For other acquisition functions that depend on the evaluated output \(\mathbf{y}\), approximations with the predictive fit itself, i.e. with \(\mathbf{y}_*\), have to be made.

As an example, in the expected improvement acquisition function, the exploration and exploitation parts are split, so the exploration can be fully parallelized and updated for each point in the batch.

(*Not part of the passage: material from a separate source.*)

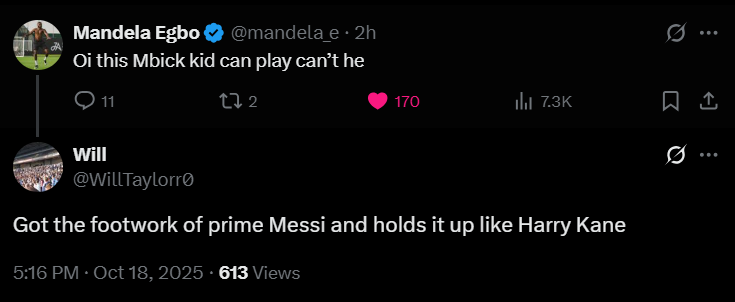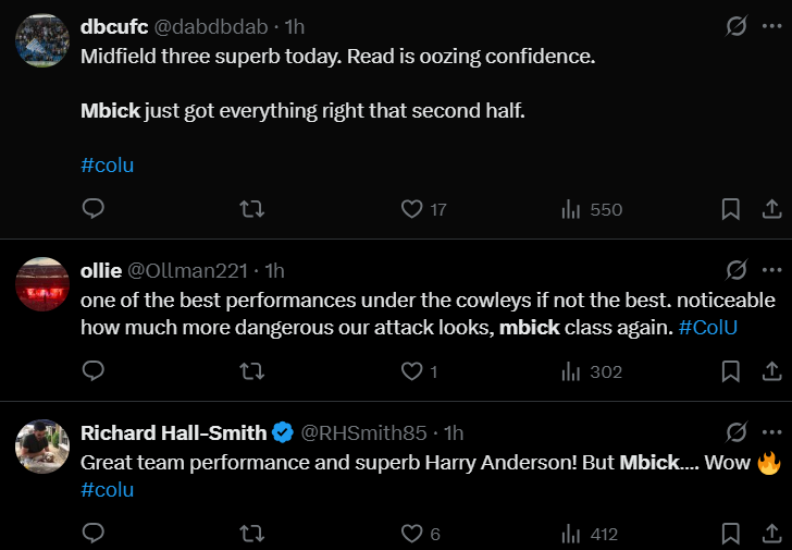 Crispywood said:I wonder if we recall Mbick in January and see if we can send him on loan to a L1 club. I know it’s not always the right decision to uproot a player but if Mbick carries on this form he arguably needs to be tested at a higher level1
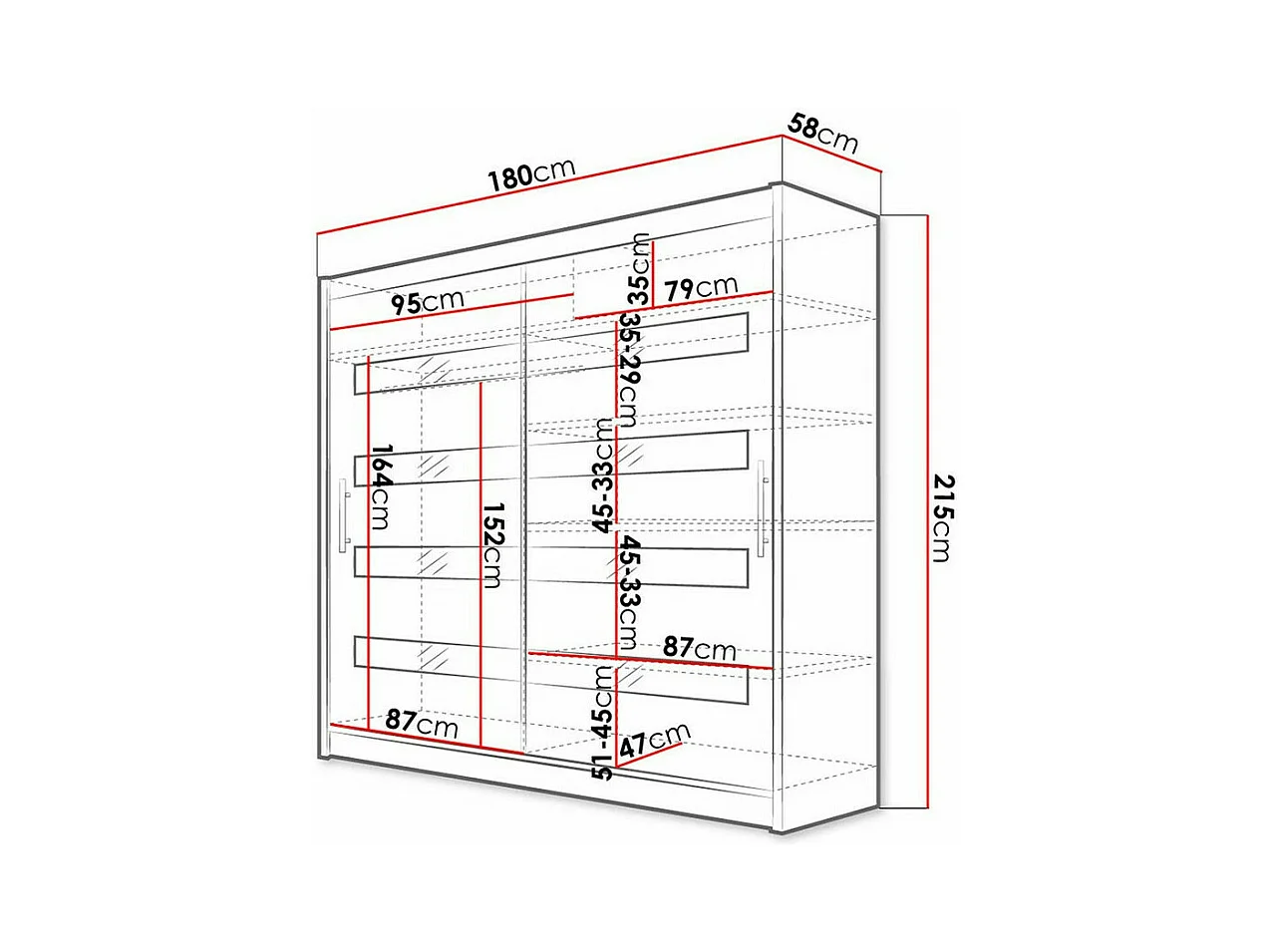Armoire Closico 156, Blanc brillant|Noir, 215x180x58cm, Portes d'armoire: Coulissantes

The exploitation term, on the other hand, is approximated by the mean function of the given surrogate model at the beginning, and is not updated throughout the batch.

Examples

ntrain: 50  # Points in total (AL warmup + AL learn).
variables:
    u: ActiveLearning()  # AL variable in interval [0, 1].
    v: ActiveLearning(1e-4, 1, Log)  # AL variable with log search space.
    mu: Normal(0, 0.2)  # Non-AL variable (Gaussian distributed).
    f: Output  # Scalar output.

run:
    ...  # Usual run configuration

fit:
    surrogate: GPy  # Use this surrogate during AL.

active_learning:
    nwarmup: 10  # Randomly sampled warmup points.
    batch_size: 1  # Sequential learning.
    algorithm:
        class: simple  # SimpleAL
        acquisition_function: simple_exploration  # Minimize fit variance.
...
active_learning:
    nwarmup: 4
    batch_size: 16  # Parallel learning
    algorithm:
        class: simple
        acquisition_function:
            class: alternating_exploration  # Alternate `simple_exploration` and `expected_improvement`
            exploration_factor: 0.1  # Exploration factor for expected improvement.
            find_min: True  # Find function minimum instead of maximum.
            alternating_freq: 2  # Do exploration twice, then expected improvement twice.